REPUBLIKA.CO.ID,JAKARTA—Keteguhan sikap Komisi Pemberantasan Korupsi (KPK) untuk tak membuka nama-nama menteri yang ditandai merah ataupun kuning dinilai mengarah pada pelanggaran azas praduga tak bersalah.
“Cara Presiden Jokowi bekerja sama dengan KPK dalam menentukan calon menteri bermasalah merupakan terobosan yang juga oleh Buya Syafii Maarif dipandang cerdik. Namun, dari sisi etika pemerintahan, kerja sama mereka kurang tepat dan cenderung melanggar azas praduga tak bersalah,” papar Guru Besar Universitas Padjajaran Romli Atmasasmita, Selasa (11/11).
Merujuk pada pertimbangan tersebut, ia meminta KPK agar segera menuntaskan sosialisasi para calon menteri yang diberi tanda bermasalah tadi pada masyarakat.

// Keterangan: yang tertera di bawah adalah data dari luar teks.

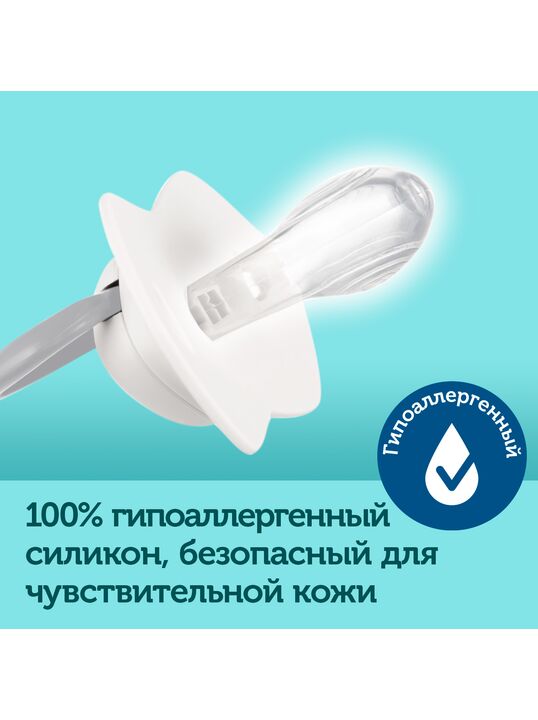 Силиконовая пустышка изготовлена из 100% гипоаллергенного силикона. Устойчива к деформации.
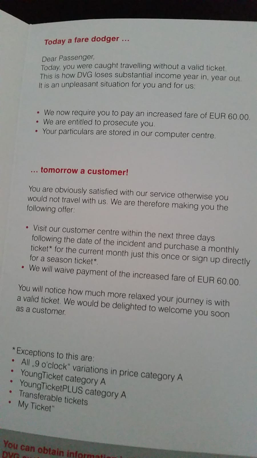 So after they have cought you fare dodging thanks to the situation they crafted and giving you the great news of you either having to pay 60 Euros and/or expect to be prosecuted, they show you how touched they are by you wanting to use their services so bad.
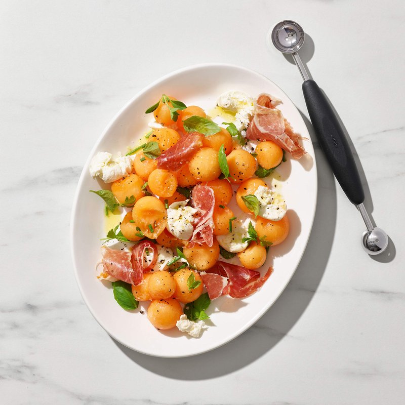 - Durable, double-sided stainless steel scoops are perfect for fruit and veggie prep
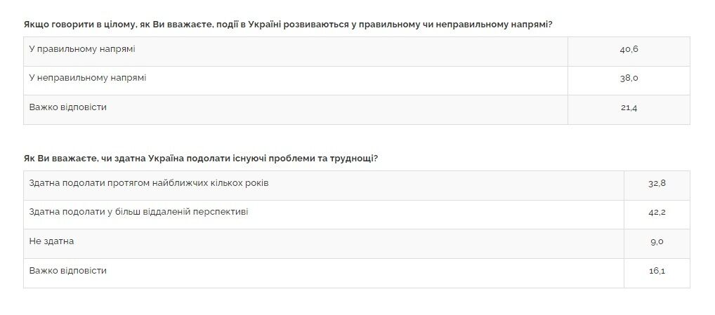 Участники опроса ответили также на вопрос, способна ли Украина, по их мнению, преодолеть существующие проблемы и трудности.
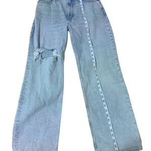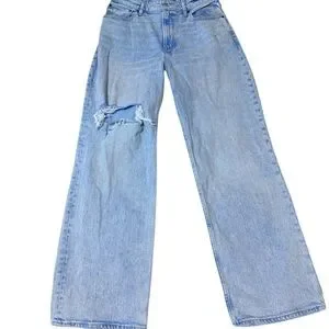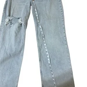 Chic light blue jeans with a stylish ripped detail. Perfect for casual outings.
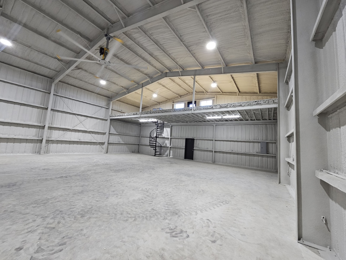 Insulated Airport Hangar For Lease Salado ( 2TX ) UNIT 59 - Great location near center of runway, with 18’ x 5’ balcony overlooking runway. Hangar is 50'W x 52'6" Deep, with 50’ x 16’+ interior Mezzanine. Aircraft door is 47' x 14' clear. Electrical installed with 14' Big Ass Fan, and plumbed for water and sewer but we are still waiting for Infrastructure to the development.
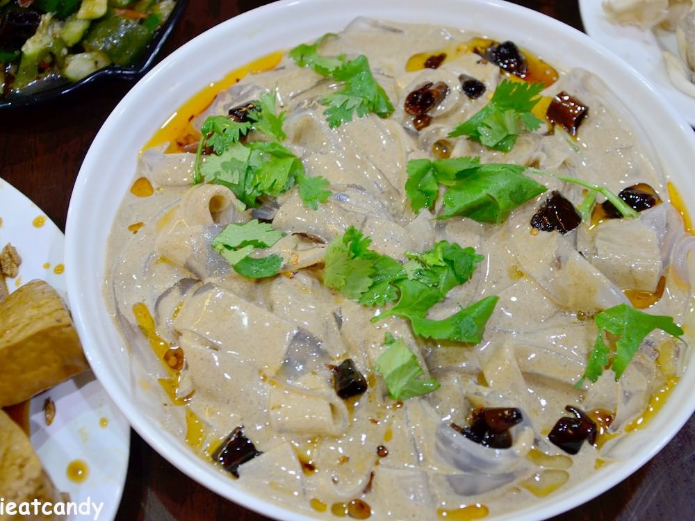 涼拌拉皮是個人還蠻推崇的一道,所有你看的到都是媽媽親手做的,拉皮是綠豆粉桿出來的、醬汁也是媽媽自己調配而成,麻醬給人印象中是較為濃郁、吃久會膩口,但是因為拉皮的Q度、微酸微辣的醬汁,中和了那感覺,越吃越涮嘴,媽媽建議在當場就要吃完,否則打包回家隔天吃就會硬掉不好吃囉~
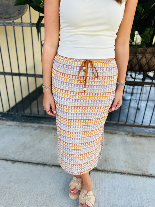 Beverly 2 PC Button Vest & Midi Skirt Knit Set- Gray

Hal tersebut, sambung Romli, agar terhindar dari potensi pelanggaran terhadap ketentuan UUD 1945.
"Jika KPK tak bergeming dan tetap tak menuntaskan langkah hukum dimaksud, maka dikhawatirkan KPK melanggar konstitusi dan UU HAM," kata Romli.
Jika hal tersebut terjadi, sambung Romli, maka semua pihak yang terlibat dalan pelanggaran tersebut dapat dipandang sebagai perbuatan penyertaan dalam Pasal 55 KUHP menyuruh melakukan pembantuan atau penganjuran.
"Selain dari hal tersebut, saya tetap teguh pada pandangan saya bahwa karakter hukum yang benar adalah mengharamkan prinsip tujuan menghalalkan cara dalam setiap pengambilan kebijakan apapun," jelasnya.